• TASK OBJECTIVE
Start at the line with "- Technologia Samsung" and print every line through the end of the material below. Keep it exact and free of pictures.

• DATASET EXTRACT
#####

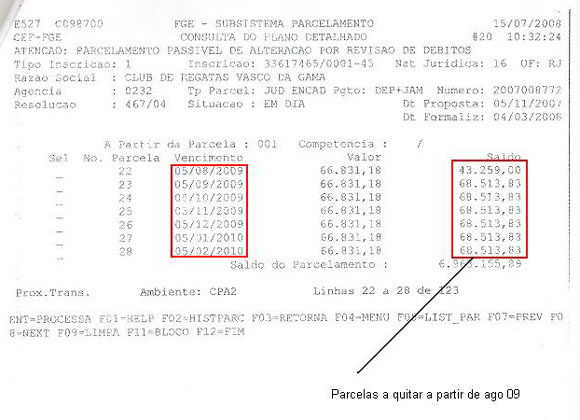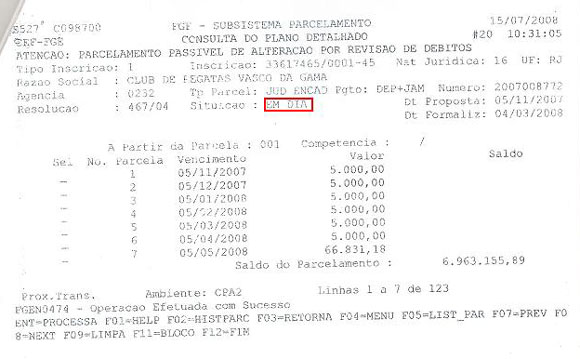 O parcelamento foi separado em duas partes, com os seguintes números: 2007008772 e 2007007718. A primeira com saldo a ser pago de R$ 8.356.167,91 e a segunda com saldo a ser pago de R$ 7.133.294,42, totalizando R$ 15.489.462,33, cerca de 1 milhão e 100 mil reais líquidos a menos do que aquilo previsto na confissão de dívida, valor referente à recuperação de créditos fiscais, que seguiria ocorrendo caso a “diretoria” atual não tivesse abandonado o constante monitoramento desta dívida. Ressalte-se que este monitoramento e as possíveis recuperações de créditos poderiam permitir novos abatimentos no parcelamento.
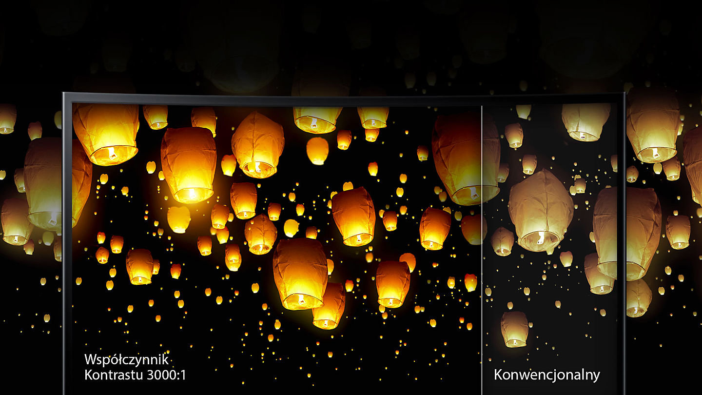 - Technologia Samsung redukuje wyciek światła i zapewnia bardziej jednolitą czerń na całej powierzchni ekranu.
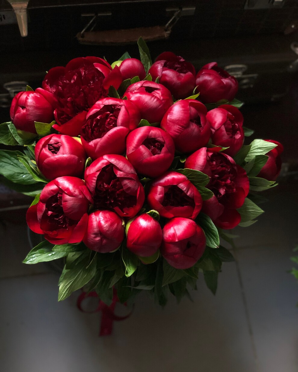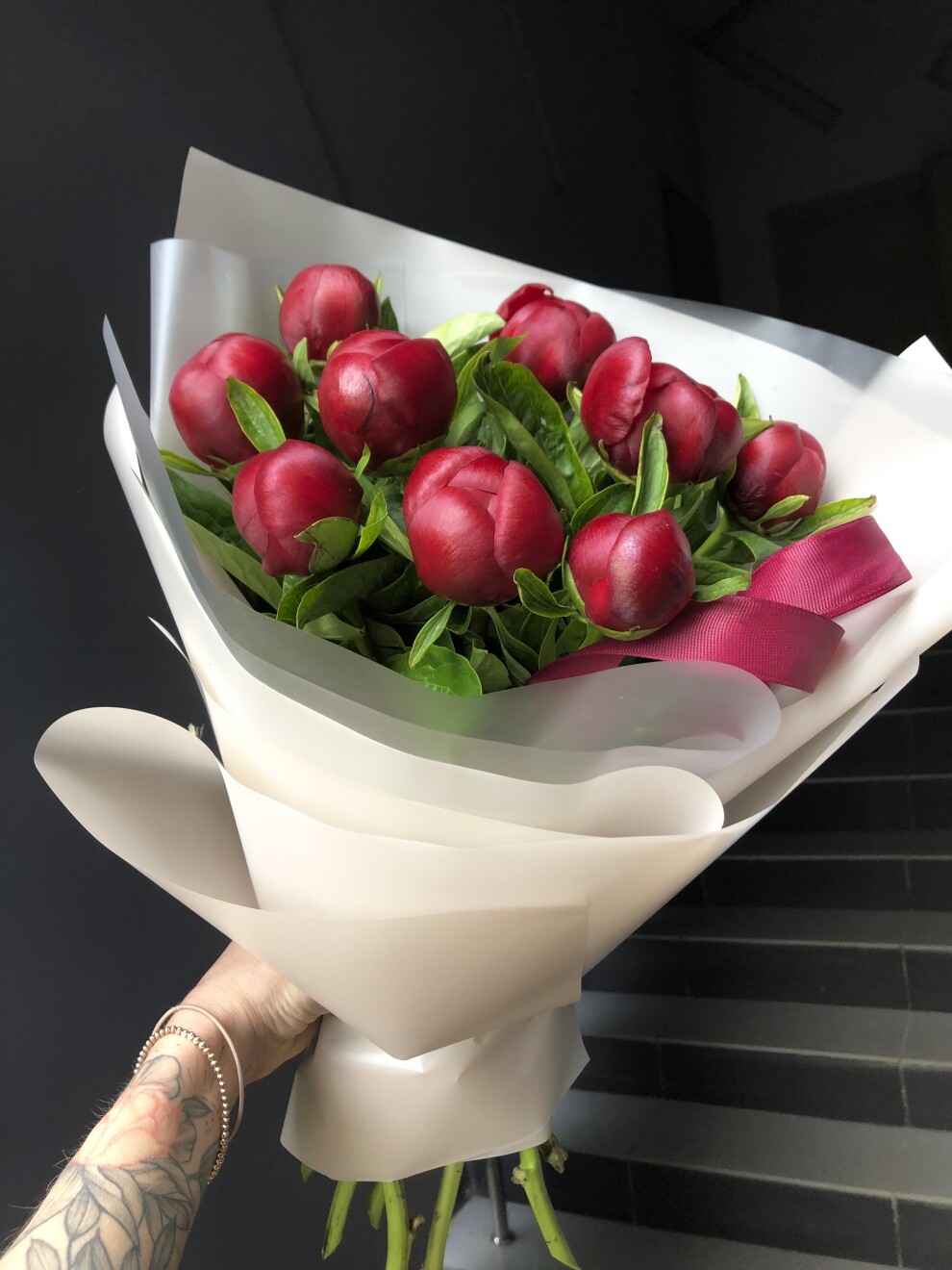 Букет из чувственно темно бордовых, словно сочная спелая черешня, пионов сорта Ред Шарм!

#####

• OUTPUT
 - Technologia Samsung redukuje wyciek światła i zapewnia bardziej jednolitą czerń na całej powierzchni ekranu.
 Букет из чувственно темно бордовых, словно сочная спелая черешня, пионов сорта Ред Шарм!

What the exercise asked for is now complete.